MATERIAL SHOWN:

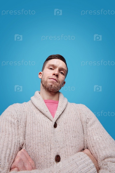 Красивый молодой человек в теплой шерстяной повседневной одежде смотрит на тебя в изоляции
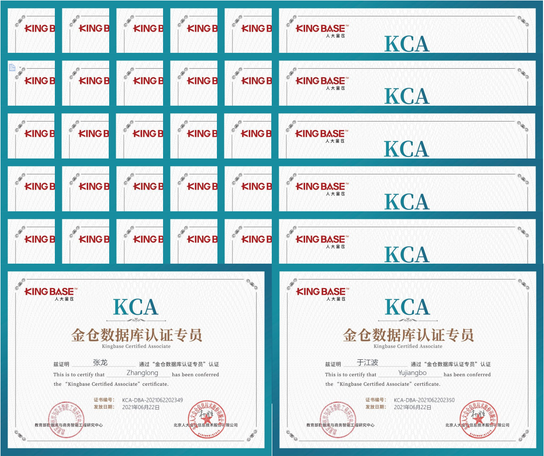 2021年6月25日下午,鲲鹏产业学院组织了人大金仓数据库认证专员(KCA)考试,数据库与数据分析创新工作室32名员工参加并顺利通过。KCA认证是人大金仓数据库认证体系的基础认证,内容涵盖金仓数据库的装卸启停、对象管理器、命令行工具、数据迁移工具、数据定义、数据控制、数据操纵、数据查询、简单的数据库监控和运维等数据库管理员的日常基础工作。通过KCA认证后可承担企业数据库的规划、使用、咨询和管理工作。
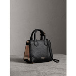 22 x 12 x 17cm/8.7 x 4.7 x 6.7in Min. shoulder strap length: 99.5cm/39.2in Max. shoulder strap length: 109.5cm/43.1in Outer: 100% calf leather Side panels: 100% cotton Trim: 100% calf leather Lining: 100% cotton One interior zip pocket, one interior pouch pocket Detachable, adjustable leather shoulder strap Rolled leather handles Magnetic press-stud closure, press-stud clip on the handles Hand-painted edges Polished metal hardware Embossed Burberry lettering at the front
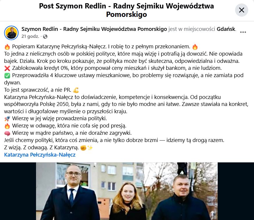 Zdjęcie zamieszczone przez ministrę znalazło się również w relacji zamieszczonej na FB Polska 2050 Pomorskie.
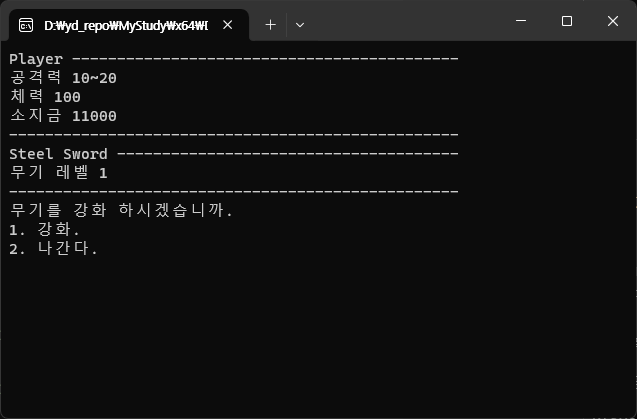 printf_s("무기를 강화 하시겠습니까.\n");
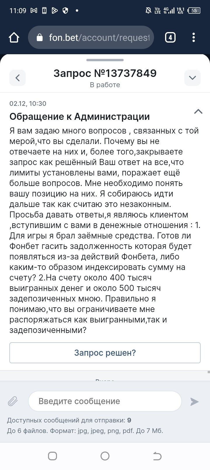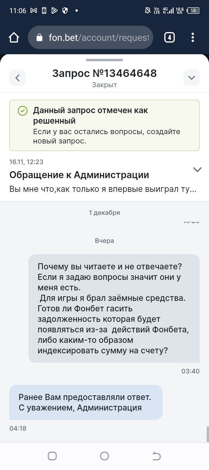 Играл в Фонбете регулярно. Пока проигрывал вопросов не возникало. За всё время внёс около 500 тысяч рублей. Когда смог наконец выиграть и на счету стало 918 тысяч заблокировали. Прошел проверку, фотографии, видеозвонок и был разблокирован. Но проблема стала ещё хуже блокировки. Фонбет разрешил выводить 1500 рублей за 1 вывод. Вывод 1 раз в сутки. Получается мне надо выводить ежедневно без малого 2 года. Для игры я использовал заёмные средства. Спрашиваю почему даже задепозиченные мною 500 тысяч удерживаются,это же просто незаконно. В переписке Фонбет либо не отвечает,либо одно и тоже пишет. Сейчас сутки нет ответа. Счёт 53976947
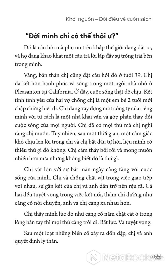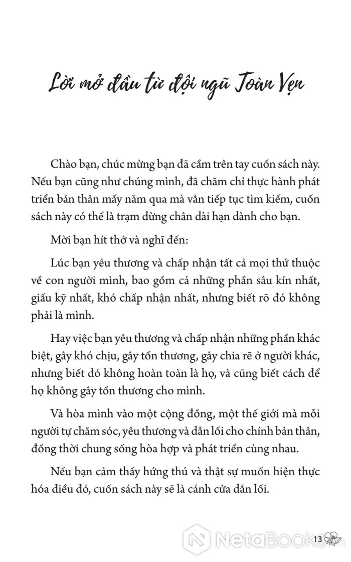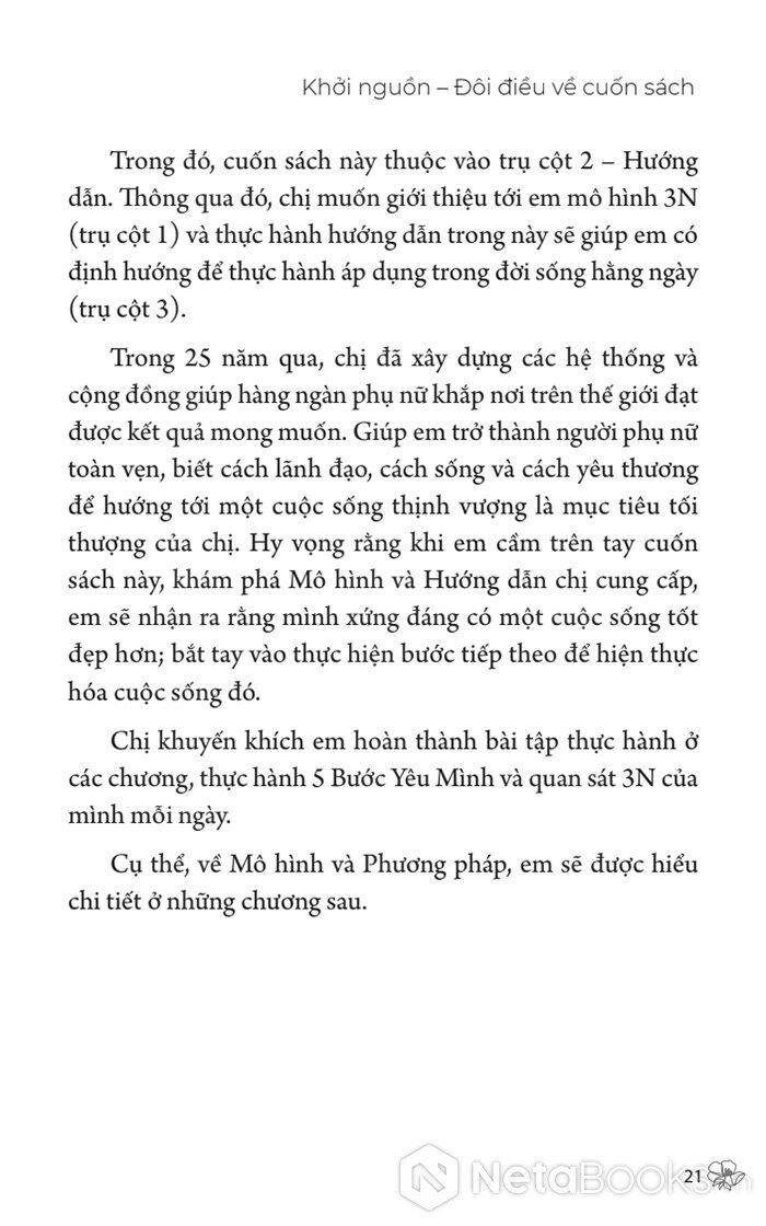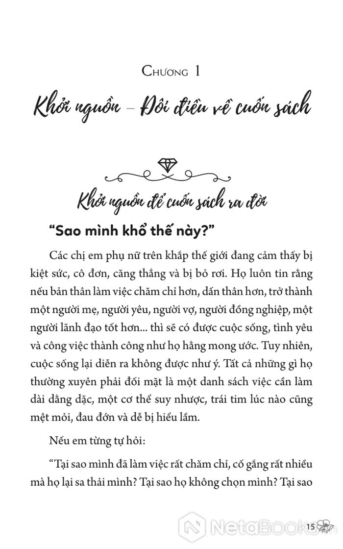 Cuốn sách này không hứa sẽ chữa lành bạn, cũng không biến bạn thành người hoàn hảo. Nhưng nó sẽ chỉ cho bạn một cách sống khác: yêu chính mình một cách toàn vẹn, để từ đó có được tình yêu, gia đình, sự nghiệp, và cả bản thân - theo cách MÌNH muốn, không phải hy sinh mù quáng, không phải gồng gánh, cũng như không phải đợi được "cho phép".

EXERCISE OBJECTIVE: From the first line to the last, give the data again exactly, but without pictures.

RESPONSE:
 Красивый молодой человек в теплой шерстяной повседневной одежде смотрит на тебя в изоляции
 2021年6月25日下午,鲲鹏产业学院组织了人大金仓数据库认证专员(KCA)考试,数据库与数据分析创新工作室32名员工参加并顺利通过。KCA认证是人大金仓数据库认证体系的基础认证,内容涵盖金仓数据库的装卸启停、对象管理器、命令行工具、数据迁移工具、数据定义、数据控制、数据操纵、数据查询、简单的数据库监控和运维等数据库管理员的日常基础工作。通过KCA认证后可承担企业数据库的规划、使用、咨询和管理工作。
 22 x 12 x 17cm/8.7 x 4.7 x 6.7in Min. shoulder strap length: 99.5cm/39.2in Max. shoulder strap length: 109.5cm/43.1in Outer: 100% calf leather Side panels: 100% cotton Trim: 100% calf leather Lining: 100% cotton One interior zip pocket, one interior pouch pocket Detachable, adjustable leather shoulder strap Rolled leather handles Magnetic press-stud closure, press-stud clip on the handles Hand-painted edges Polished metal hardware Embossed Burberry lettering at the front
 Zdjęcie zamieszczone przez ministrę znalazło się również w relacji zamieszczonej na FB Polska 2050 Pomorskie.
 printf_s("무기를 강화 하시겠습니까.\n");
 Играл в Фонбете регулярно. Пока проигрывал вопросов не возникало. За всё время внёс около 500 тысяч рублей. Когда смог наконец выиграть и на счету стало 918 тысяч заблокировали. Прошел проверку, фотографии, видеозвонок и был разблокирован. Но проблема стала ещё хуже блокировки. Фонбет разрешил выводить 1500 рублей за 1 вывод. Вывод 1 раз в сутки. Получается мне надо выводить ежедневно без малого 2 года. Для игры я использовал заёмные средства. Спрашиваю почему даже задепозиченные мною 500 тысяч удерживаются,это же просто незаконно. В переписке Фонбет либо не отвечает,либо одно и тоже пишет. Сейчас сутки нет ответа. Счёт 53976947
 Cuốn sách này không hứa sẽ chữa lành bạn, cũng không biến bạn thành người hoàn hảo. Nhưng nó sẽ chỉ cho bạn một cách sống khác: yêu chính mình một cách toàn vẹn, để từ đó có được tình yêu, gia đình, sự nghiệp, và cả bản thân - theo cách MÌNH muốn, không phải hy sinh mù quáng, không phải gồng gánh, cũng như không phải đợi được "cho phép".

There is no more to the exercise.